Still, despite ignorance of the language, there is much general knowledge you can pick up in the course of foreign travel. For example, in the town of Reus, there is a museum devoted to the work of its most famous son, Anton Gaudi, son of a boiler maker but better known as the architect of Barcelona’s La Sagrada Familia – (which was not, by the way, his only claim to fame). If you want to know more, you could try Google, but I would recommend visiting the museum, especially as it close by the museum of vermouth, the world-famous aperitif that was invented in no other place than Reus. And in the city of Tarragona, we took a guided tour by way of a talking app activated by GPS and narrated in English by an Australian who was big on the Roman history but made the fundamental error of describing the Mediterranean sea as an “ocean”. Still, I forgave him. Australia is surrounded by oceans and, besides, everyone loves the Aussies, right?
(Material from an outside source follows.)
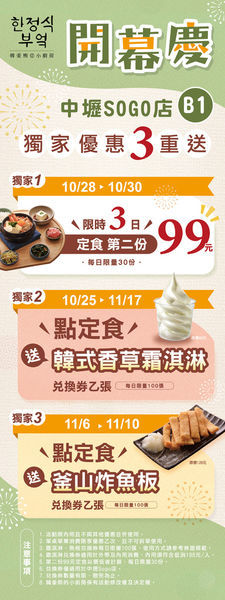 活動二 10/28-10/30,共3天 任點一份定食,第二份享99元加購優惠。(每日限量30套,加購以低價者計)
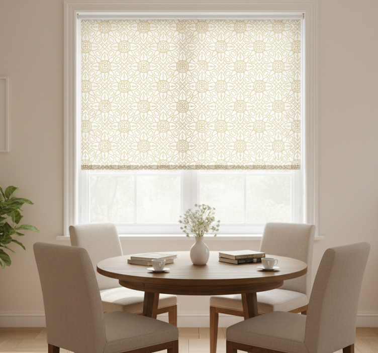 Moderni valkoinen kukkakuviollinen ruokasalin rullaverho

Something that required no language at all was a piece of performance art we encountered at the Jaime Botín arts centre in Santander. In a vast gallery lit only at one end by a glass wall overlooking the sea, two young women lay as if asleep on the floor. They awoke slowly, moving like creatures weighted down by fathoms of water and began to emit whale-like musical tones, harmonising intermittently. When they were ‘awake’, they were joined by a mother carrying her baby, with whom all three interacted as it crawled about and attempted to walk. All the while, the performers ‘sang’ and made rhythmic clicking sounds – so unlike the usual high-pitched cooing that babies are usually subjected to – and the baby, who had no language, appeared to join in as if he had been selected by audition for the part. I thought they were exploring human development as a natural and universal process before language skills and cultural norms become part of our learning and serve to differentiate us from others.
Preconceptions about the serving of croissants are not the only fixed ideas challenged in the course of this trip. Another is that Spain is one country, with one language and one cultural tradition. I now know better than to say as much in the hearing of a Basque or Catalan. But we’re heading back now to the Hermit Kingdom on a ferry with a fair quota of second-home-owning Brits bemoaning the fact that Brexit has meant their overseas sojourns are limited to ninety days per year. If there is a benefit to Brexit, the ferry operators are probably the ones counting it.
As for the gas-fitting, one of the tasks requested of me by our host at the finca was to fix her gas hob, which had only two of its four burners working when we arrived. Fortunately, she has another hob in the guest quarters because, as of the day we left, the hob I attempted to fix lay partly re-assembled in the expectation of parts arriving. Mañana, as I believe they say in Spain.